Leah Sun, Mar 8th 2015 @ 4:08am

John
Than you for your piece.

I remember seeing Stephen Fry's program years ago and I said yes I would definitely pudh the button. The fact is I pushed the button over 20 years when I reluctantly agreed to take medication which has worked for me. I

I don't regret it at all or miss the highs. In fact over 30 years later I am still paying for my reckless manic behaviour.
All the best in controlling your Icarus.

green jean Sun, Mar 8th 2015 @ 8:09am

Yours is the most appropriate moodscope message I have read as currently struggling to make sense of life and the enormous battle going on between giving in and being defeated or pushing on. . I will push on and try to get back upon the path of positivity starting with getting out of bed when I really just want to hide here forever. Thanks for your message John.

Julia Sun, Mar 8th 2015 @ 9:00am

Highs are exhausting. I get them occasionally after a good night's sleep. I have often wondered if I would prefer not to have them at all but the consequence of this would be a low level mood all the time (I imagine). Your blog is intense John but so interesting. I wish you well with your decision to push that button. I think many of us could learn something from this.

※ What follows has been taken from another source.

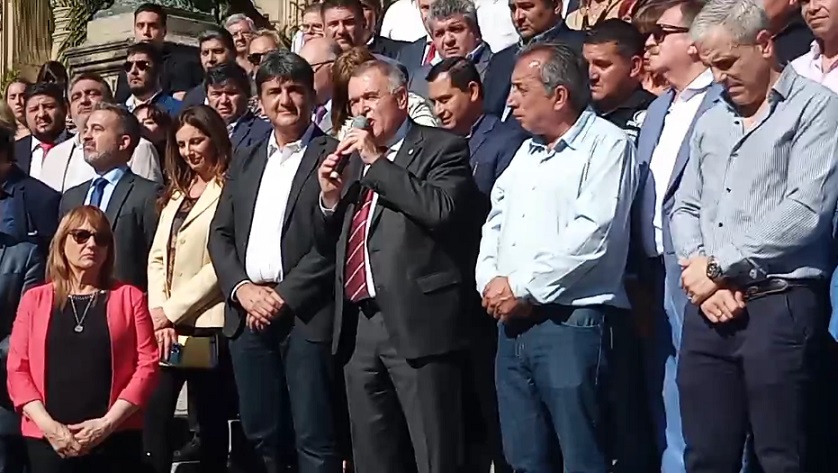 El gobernador, Osvaldo Jaldo, encabezó desde la explanada de Casa de Gobierno, la entrega de maquinaria vial adquirida por la provincia en el marco del programa Pre Lluvia.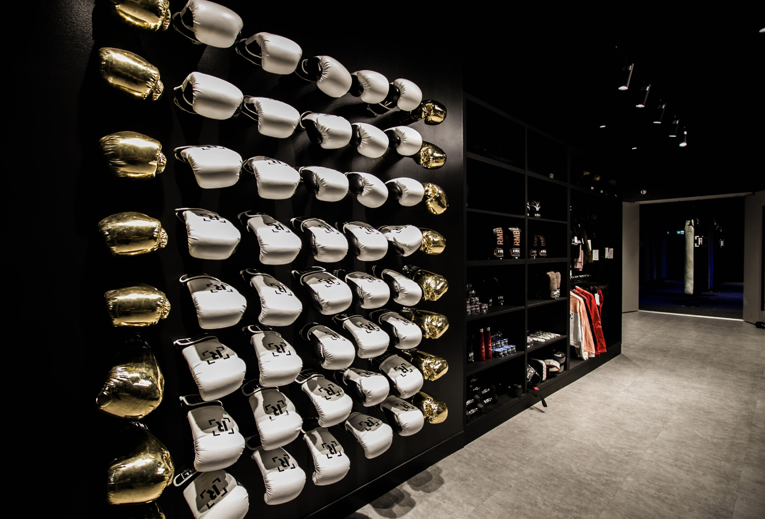 The entrance is bright and surprisingly welcoming. At the check-in desk, boxing gloves line the walls like trophies. To the left, there's a workout area for private lessons. To the right, lockers and an actual boxing ring that makes you feel like you've stumbled onto a movie set. Then there's Brad Pitt, immortalized in his Fight Club glory, staring down at you with those abs.

Anonymous Sun, Mar 8th 2015 @ 9:41am

I really respect your attitude John. I too have 'exciting' highs and have far more difficulty in finding help for the lows that often preceed them. Stable is actually pretty productive and not at all boring. What I particularly liked about your tale is that it seems you have made your own decisions. I think we are all entitled to do just that! Many poor prognoses I think come from control from outside.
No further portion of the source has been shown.